The inquiry examining the mall roof collapse in Elliot Lake has heard a police dog indicated there were signs of life at one point during the rescue effort.


OPP search dog Dare responded to the mall roof collapse in Elliot Lake with his handler Daniel Bailey. (Elliot Lake Inquiry)

Members of the OPP's canine program have been testifying this week at the inquiry into last summer's deadly mall roof collapse.

They were deployed to Elliot Lake in the hours after the roof fell to help search the rubble for victims.

On the evening of, June 24 — more than 24 hours after the collapse — the inquiry heard an OPP dog started searching.

Constable Daniel Bailey explained that his dog Dare barked at a spot in the debris pile.

"I believed at that point, from recognizing what his indications were, I believed he was indicating what I thought would be a live victim," Bailey said.

No barking in later search

However, during a search later in the rescue the inquiry heard the dog no longer indicated a live victim.

The inquiry heard from Wayde Jacklin on Tuesday. He is the head trainer for OPP search dogs and the coordinator of the canine program.

Jacklin explained the dogs bark when they detect signs of life, but it's not an exact science.

"Is there somebody there that is alive? Or is there somebody there that's not alive? So, the dog in the early stages may indicate that even if a person is deceased, could be indicating by barking," he said.

"As time progressed, that gap has gotten bigger and the dog is not barking anymore."

It took rescue workers days to reach the two women trapped inside the unstable collapsed mall.

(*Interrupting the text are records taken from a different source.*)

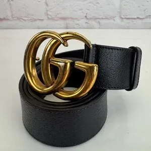 Gucci Brown Double Gg Marmont Leather Belt Gold Buckle 406831 90/36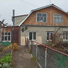 Часть дома площадью 36.6 с 2мя смежными комнатами.Дом требует ремонта, есть свет, вода, газ, сливная яма, АГВ, туалет на улице.Небольшой участок 2.35 кв.м., 2х этажный добротный сарай.Остановка общественного транспорта в шаговой доступности.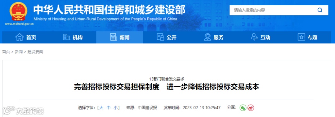 为加快推动招标投标交易担保制度改革、优化招标投标领域营商环境,国家发展改革委、住房和城乡建设部等13部门近日印发《国家发展改革委等部门关于完善招标投标交易担保制度进一步降低招标投标交易成本的通知》。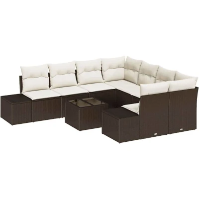 vidaXL Garden Sofa Set with Cushion 9 pcs Brown Poly Rattan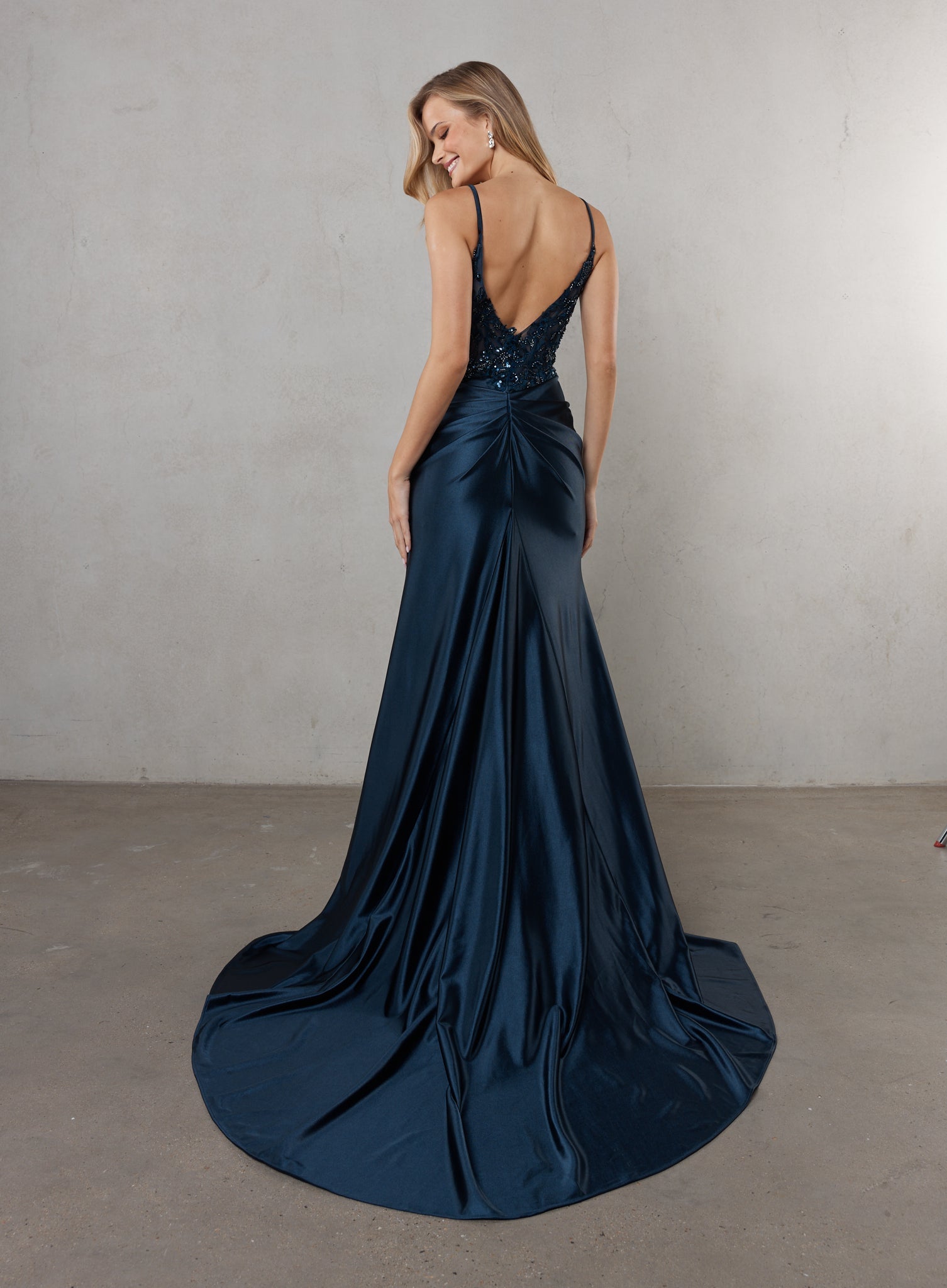 A V-neckline at both the front and back, paired with spaghetti straps and built-in bra cups, enhances the neckline with graceful allure. The gown’s gathered detailing across the front midsection and back flatters the figure, while the high-leg front split adds a daring, elegant touch.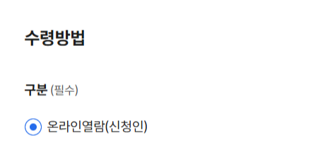 신청할 서비스를 선택하셨다면 입력란에 기본주소, 토지 구분 등을 입력해주세요. 열람인 경우는 온라인열람(신청인)밖에 선택지가 없는데 그대로 신청하시면 즉시 열람이 가능합니다,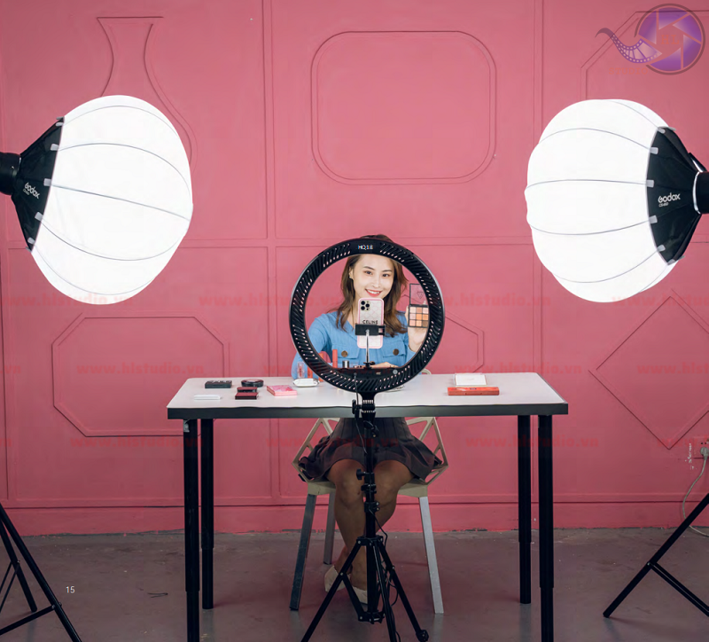 - Vị trí 3: Đặt 1 đèn Led Ring HQ18 ở phía chính diện giúp lấp đầy ánh sáng cho mặt trước của MC và tạo ra 1 hình đèn tròn trong mắt.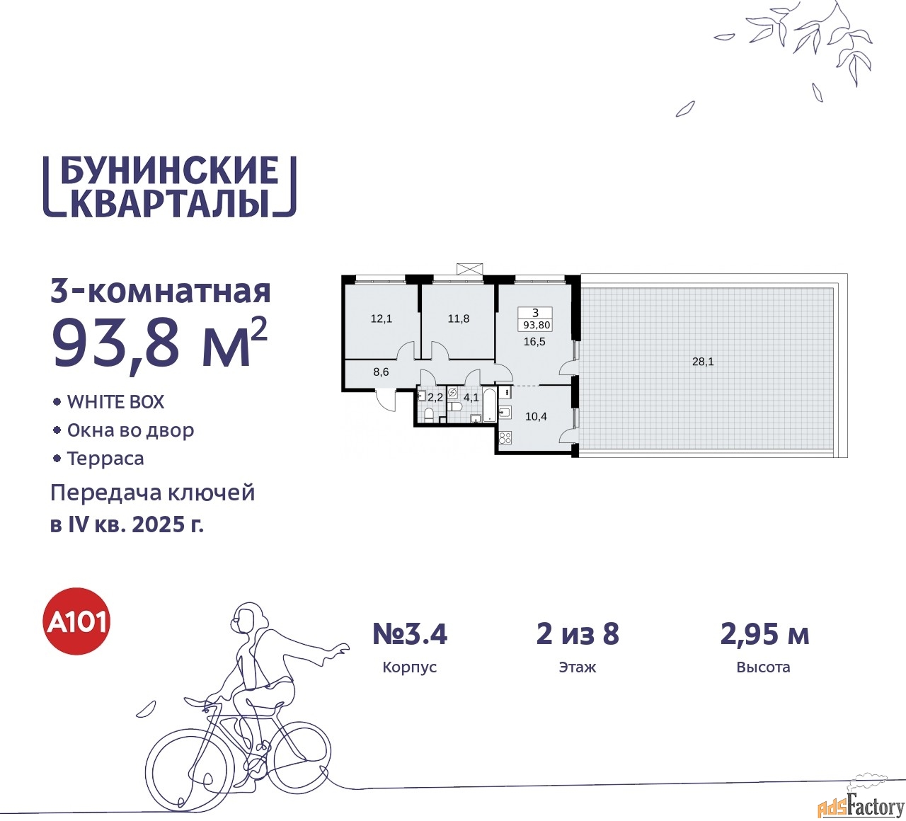 Дом монолитный, двухподъездный, высотой 8 этажей. Квартира находится во 2-й секции в корпусе 3.4. На этаже 6 квартир. В подъезде 1 грузовой лифт. Начало строительства - 2 квартал 2023 года. Окончание строительства - 4 квартал 2025 года. Оформление сделки по договору долевого участия.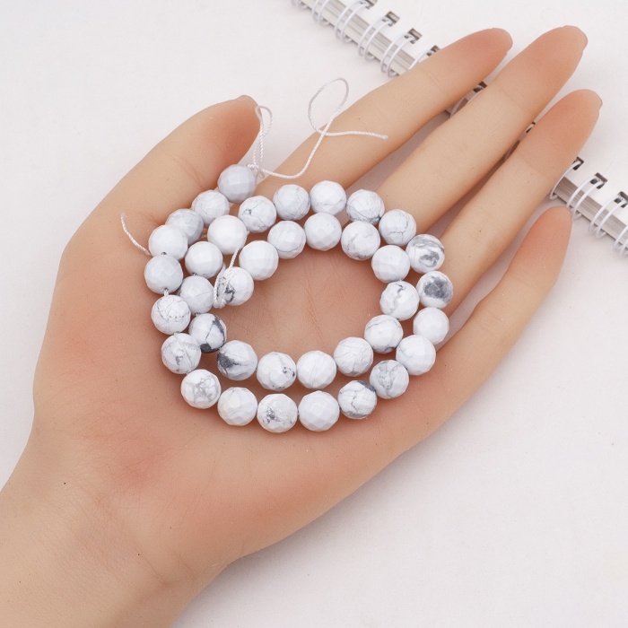 Бусины Натуральный Говлит Круглые, Граненые, Белый, 10мм, Отверстие 1мм, около 37шт/40см/нить, (УТ100023094)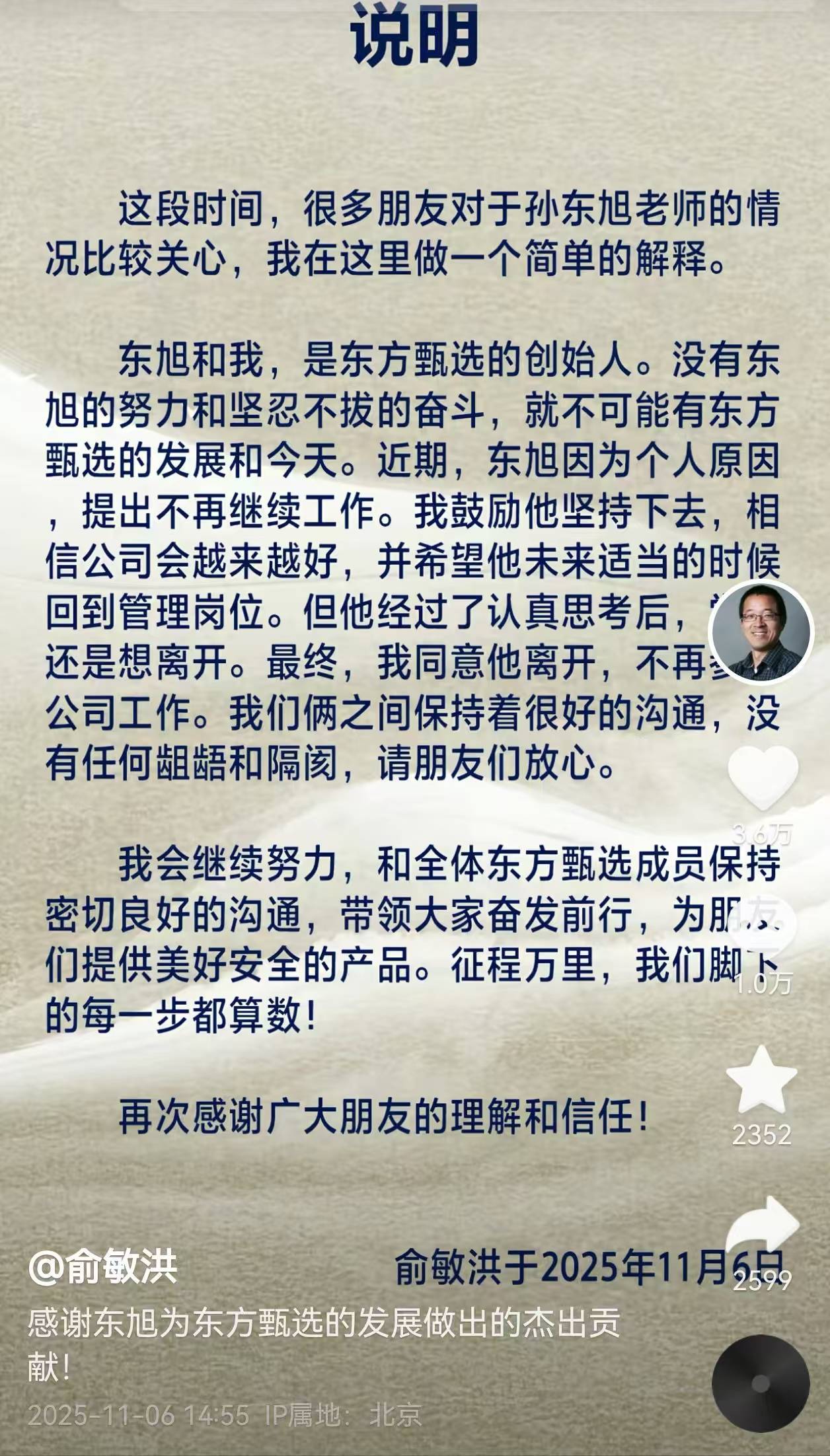 11月6日,俞敏洪在社交平台发文称,孙东旭已从东方甄选离职。
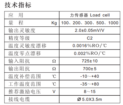 廣州電測傳感器YZC-215B系列產(chǎn)品參數(shù):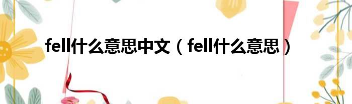 大家好,今天小六子来为大家解答以下的问题,关于fell什么意思中文,fell什么意思这个很多人还不知道,现在让我们一起来看看吧!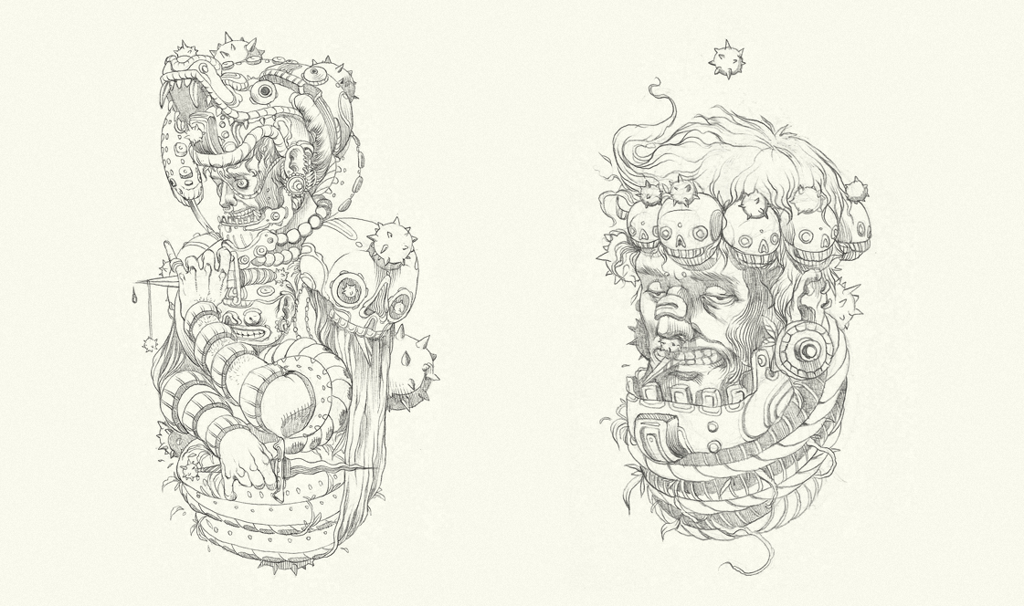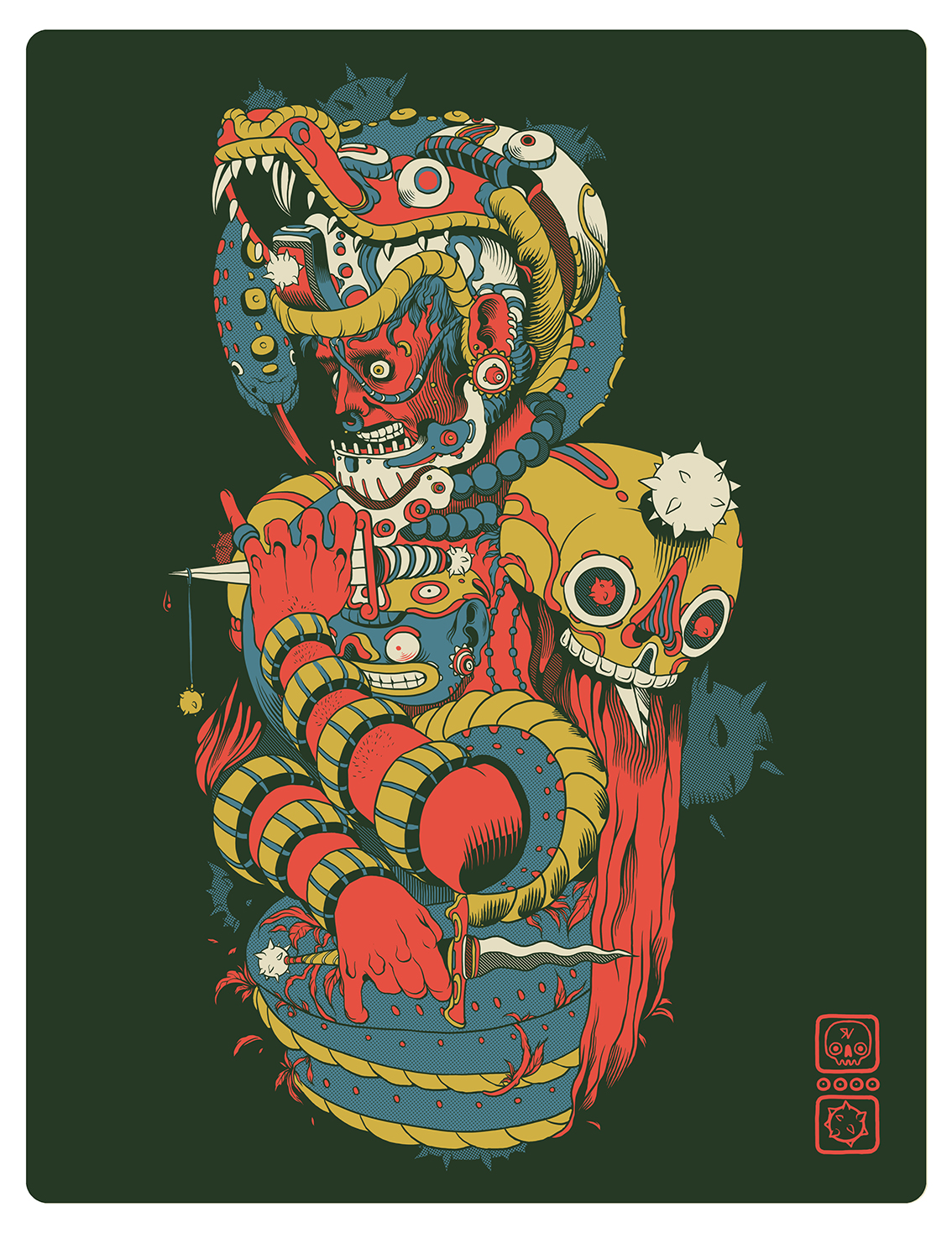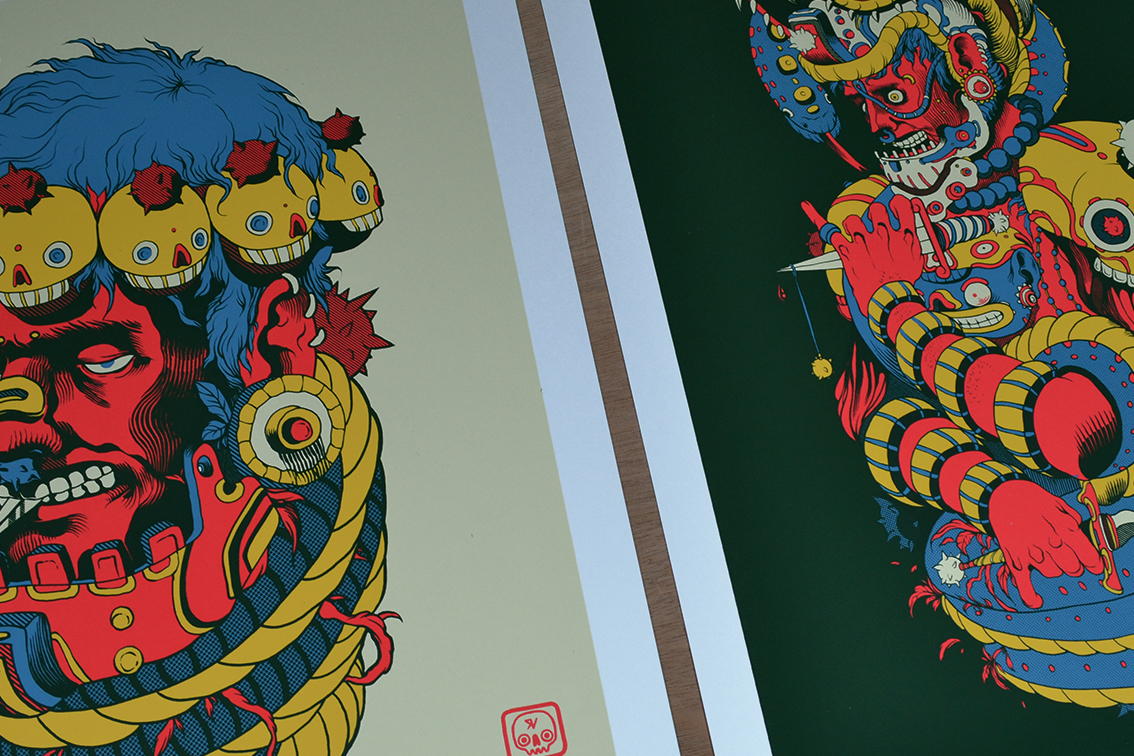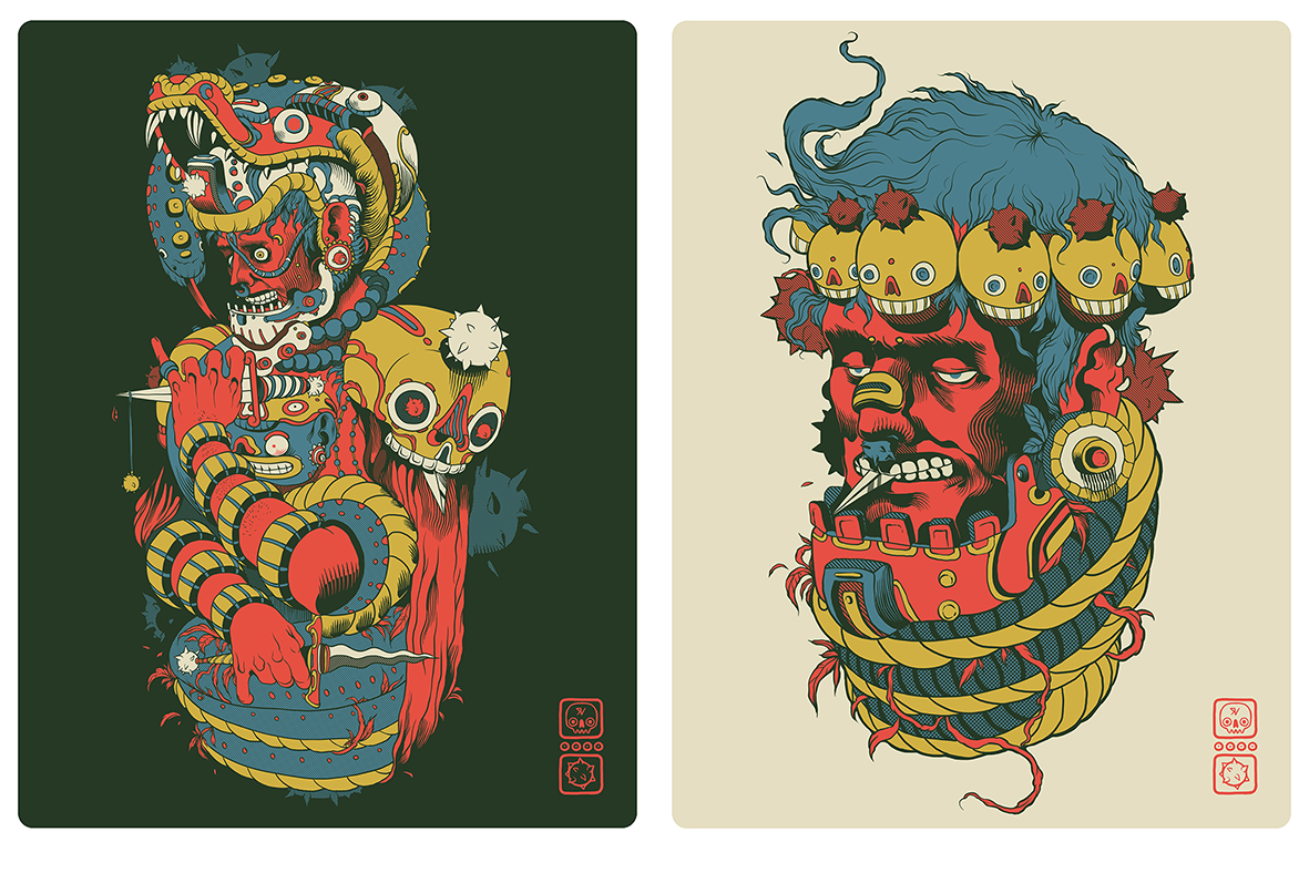 Raúl Urias es un ilustrador independiente mexicano que principalmente trabaja para grandes marca como Nike, Gatorade, Sprite, etc. En sus serigrafías de Toro & Cuerpo, Urias se inspira en las esculturas y arte de Grecia y México, creando un híbrido entre fascinante y terrorífico.

They did not survive.

The inquiry is examining if anything should have been done differently during the rescue.

Hearings into the Elliot Lake mall roof collapse continue until October.

The public inquiry was established in July 2012 by the Ontario government and has been underway in Elliot Lake since March.

It was created to report on events surrounding the mall roof's collapse on June 23, 2012, the deaths of Lucie Aylwin and Doloris Perizzolo, the injuries to others and the emergency management and response.